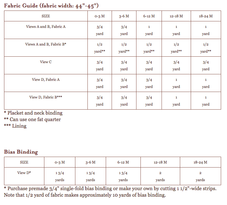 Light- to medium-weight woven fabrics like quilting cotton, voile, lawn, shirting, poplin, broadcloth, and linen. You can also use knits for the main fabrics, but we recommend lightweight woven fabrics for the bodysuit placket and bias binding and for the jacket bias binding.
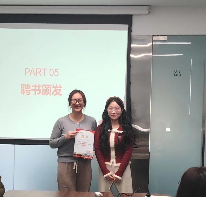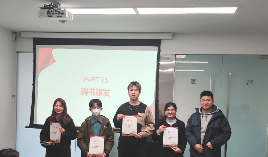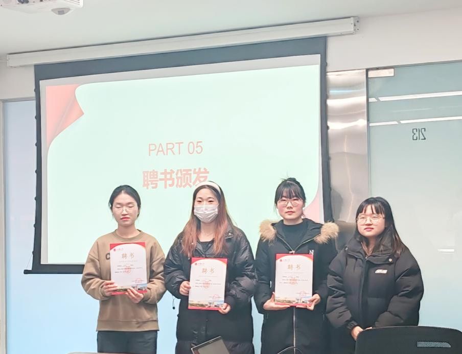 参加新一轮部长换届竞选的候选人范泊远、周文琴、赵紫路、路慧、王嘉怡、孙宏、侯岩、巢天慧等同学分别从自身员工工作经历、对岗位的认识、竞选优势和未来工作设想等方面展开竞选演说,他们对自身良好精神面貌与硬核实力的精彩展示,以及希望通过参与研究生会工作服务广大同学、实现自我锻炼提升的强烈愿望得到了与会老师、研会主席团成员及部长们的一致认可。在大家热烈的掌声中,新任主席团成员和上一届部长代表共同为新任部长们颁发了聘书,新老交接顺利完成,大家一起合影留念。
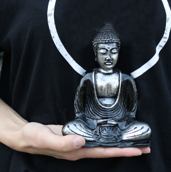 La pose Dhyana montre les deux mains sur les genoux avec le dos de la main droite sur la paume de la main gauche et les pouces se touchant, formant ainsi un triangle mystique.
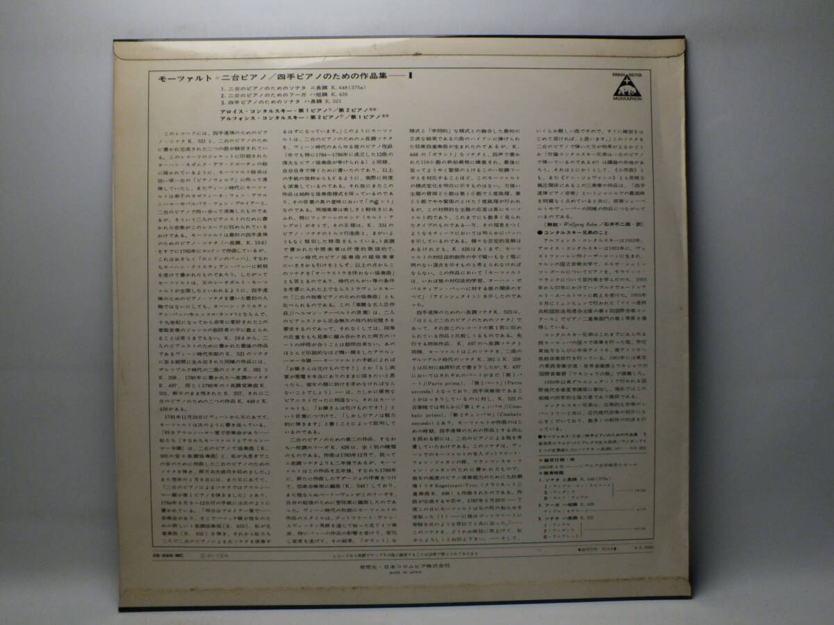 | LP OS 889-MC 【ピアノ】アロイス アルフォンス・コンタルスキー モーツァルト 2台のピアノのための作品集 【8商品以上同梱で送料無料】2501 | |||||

◆ ◆ ◆ ◆

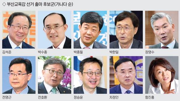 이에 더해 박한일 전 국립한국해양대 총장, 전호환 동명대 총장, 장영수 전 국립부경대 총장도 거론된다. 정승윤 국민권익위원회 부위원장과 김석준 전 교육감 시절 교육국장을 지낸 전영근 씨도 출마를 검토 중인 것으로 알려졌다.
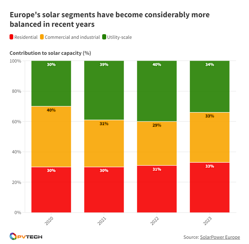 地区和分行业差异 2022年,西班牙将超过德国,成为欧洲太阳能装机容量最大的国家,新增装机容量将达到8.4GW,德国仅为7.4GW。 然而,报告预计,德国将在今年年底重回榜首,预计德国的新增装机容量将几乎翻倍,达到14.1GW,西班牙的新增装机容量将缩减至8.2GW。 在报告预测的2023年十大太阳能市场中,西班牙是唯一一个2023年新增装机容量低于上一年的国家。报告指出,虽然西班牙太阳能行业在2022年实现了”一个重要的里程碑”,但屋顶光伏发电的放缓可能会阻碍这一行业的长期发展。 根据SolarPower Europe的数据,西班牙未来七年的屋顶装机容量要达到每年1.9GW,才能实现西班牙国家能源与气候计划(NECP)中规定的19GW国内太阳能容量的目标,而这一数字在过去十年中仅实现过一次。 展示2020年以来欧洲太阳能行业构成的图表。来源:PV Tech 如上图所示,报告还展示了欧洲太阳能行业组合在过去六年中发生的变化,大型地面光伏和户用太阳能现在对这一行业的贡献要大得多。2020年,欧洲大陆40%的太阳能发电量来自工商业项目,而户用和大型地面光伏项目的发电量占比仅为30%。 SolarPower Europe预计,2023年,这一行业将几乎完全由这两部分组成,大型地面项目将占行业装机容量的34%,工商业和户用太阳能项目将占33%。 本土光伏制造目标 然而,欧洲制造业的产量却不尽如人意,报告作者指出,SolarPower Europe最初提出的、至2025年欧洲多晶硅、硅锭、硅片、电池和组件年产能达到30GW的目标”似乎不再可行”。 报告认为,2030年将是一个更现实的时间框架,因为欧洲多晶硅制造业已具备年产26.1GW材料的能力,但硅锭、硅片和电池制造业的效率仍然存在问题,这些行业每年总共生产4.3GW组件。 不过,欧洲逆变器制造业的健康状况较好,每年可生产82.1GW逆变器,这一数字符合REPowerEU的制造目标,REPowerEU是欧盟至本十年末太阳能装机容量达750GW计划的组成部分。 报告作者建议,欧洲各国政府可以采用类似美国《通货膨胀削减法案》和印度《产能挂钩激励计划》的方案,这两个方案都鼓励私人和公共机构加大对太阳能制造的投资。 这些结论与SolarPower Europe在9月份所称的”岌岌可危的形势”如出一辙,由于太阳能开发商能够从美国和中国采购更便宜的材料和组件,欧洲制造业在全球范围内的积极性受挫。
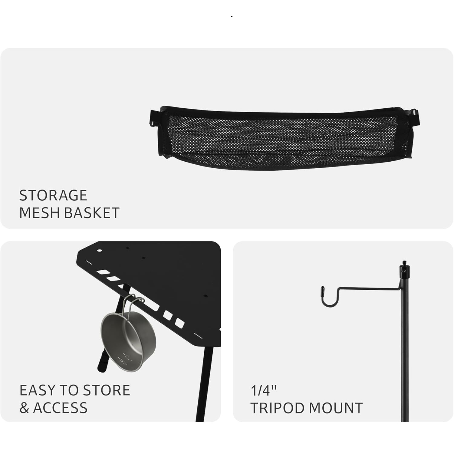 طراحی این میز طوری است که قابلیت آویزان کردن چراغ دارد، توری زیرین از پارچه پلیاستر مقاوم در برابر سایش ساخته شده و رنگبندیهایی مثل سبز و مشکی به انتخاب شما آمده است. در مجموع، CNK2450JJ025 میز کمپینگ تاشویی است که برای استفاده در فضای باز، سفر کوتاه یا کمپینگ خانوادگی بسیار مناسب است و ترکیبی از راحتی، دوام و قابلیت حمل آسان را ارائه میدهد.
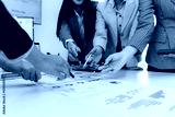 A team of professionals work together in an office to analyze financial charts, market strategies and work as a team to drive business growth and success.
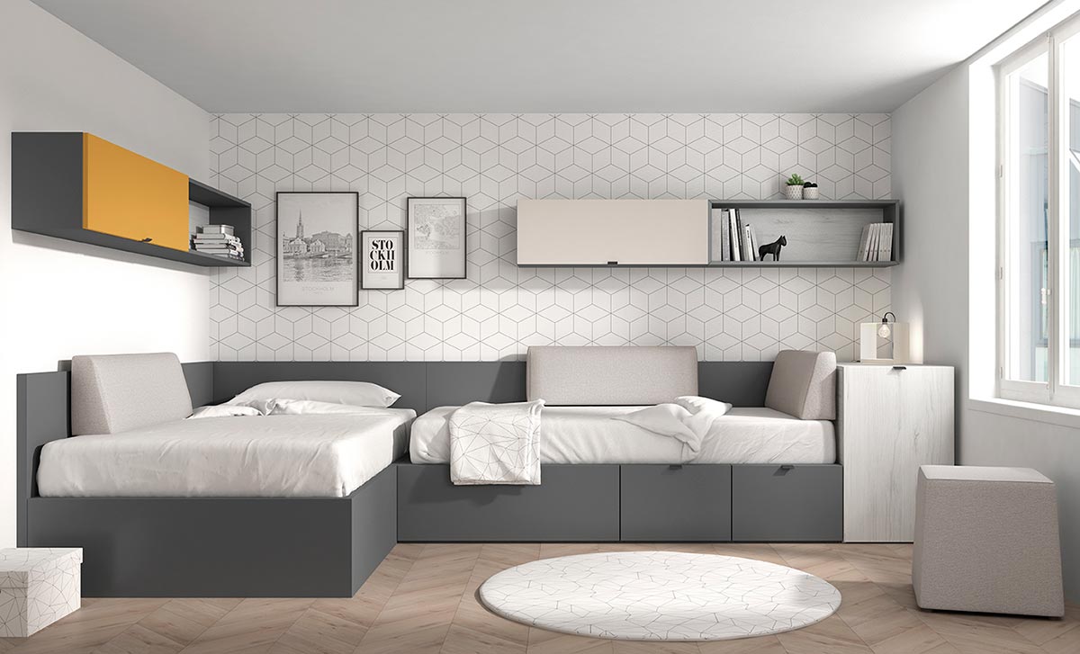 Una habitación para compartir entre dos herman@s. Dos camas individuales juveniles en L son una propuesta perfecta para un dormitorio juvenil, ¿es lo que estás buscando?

◆ ◆ ◆ ◆

◆ Task brief: With the pictures left out, write out exactly the lines above from the one containing "Light- to medium-weight" through the one containing "2台のピアノのための作品集 【8商品以上同梱で送料無料】2501 | |||||".

◆ Response to the exercise:
 Light- to medium-weight woven fabrics like quilting cotton, voile, lawn, shirting, poplin, broadcloth, and linen. You can also use knits for the main fabrics, but we recommend lightweight woven fabrics for the bodysuit placket and bias binding and for the jacket bias binding.
 参加新一轮部长换届竞选的候选人范泊远、周文琴、赵紫路、路慧、王嘉怡、孙宏、侯岩、巢天慧等同学分别从自身员工工作经历、对岗位的认识、竞选优势和未来工作设想等方面展开竞选演说,他们对自身良好精神面貌与硬核实力的精彩展示,以及希望通过参与研究生会工作服务广大同学、实现自我锻炼提升的强烈愿望得到了与会老师、研会主席团成员及部长们的一致认可。在大家热烈的掌声中,新任主席团成员和上一届部长代表共同为新任部长们颁发了聘书,新老交接顺利完成,大家一起合影留念。
 La pose Dhyana montre les deux mains sur les genoux avec le dos de la main droite sur la paume de la main gauche et les pouces se touchant, formant ainsi un triangle mystique.
 | LP OS 889-MC 【ピアノ】アロイス アルフォンス・コンタルスキー モーツァルト 2台のピアノのための作品集 【8商品以上同梱で送料無料】2501 | |||||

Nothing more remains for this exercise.